The film wastes no time diving back into the grit. The trailer showcases underground fight pits, high-rise shootouts, and a bone-crunching hallway brawl that rivals anything in The Raid. Scott Adkins is at the top of his game, bringing blistering martial arts, raw physicality, and an even sharper edge to Cain. He's a man with nothing to lose—but a very long list of people who should.

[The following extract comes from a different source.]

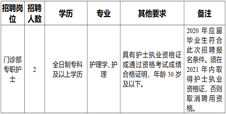 (六) 2020年應(yīng)屆畢業(yè)生符合此次招聘報名條件,如被聘用,須在2021年內(nèi)取得護(hù)士執(zhí)業(yè)資格證,否則取消聘用資格。
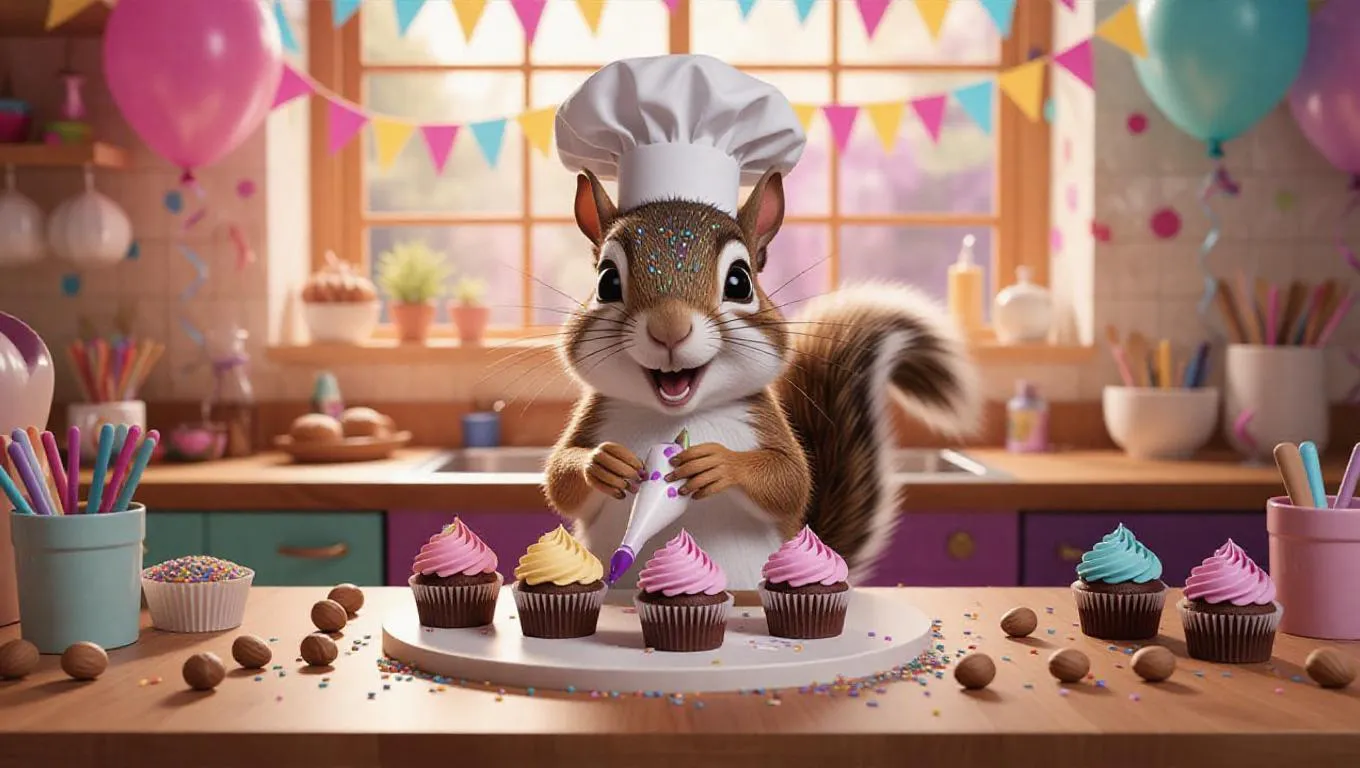A curious cartoon squirrel wearing a tiny chef's hat, decorating cupcakes on a large kitchen counter. The squirrel is surrounded by sprinkles, nuts, and a small piping bag. The kitchen is festive and colorful, with balloons and streamers and a large window showing a celebration outside. The squirrel looks thrilled and a bit messy, with icing on its face. The counter is vibrant with baking supplies.

This time, Cain isn’t acting alone. He forms an uneasy alliance with Alina (a mysterious ex-intelligence officer played by [casting TBA]), whose motivations are as murky as her past. Together, they aim higher than street-level thugs—they’re coming for the men in suits pulling the strings. But revenge comes at a price, and Cain’s past sins are catching up fast.
Director Jesse V. Johnson returns with a vengeance—literally. The camera moves like a coiled fist, the pacing is relentless, and the violence is surgical. But amidst the carnage, Avengement 2 finds moments of stark humanity: a visit to a grave, a shaky confession, a silent flash of regret before the next blow lands. It’s not just fists flying—it’s Cain’s soul fighting to find what’s left of him.
Avengement 2 proves that some men aren’t heroes or villains—they’re just survivors with a cause and no apologies. Cain Burgess may not want redemption. But he will leave nothing standing between him and his message: never mistake silence for surrender.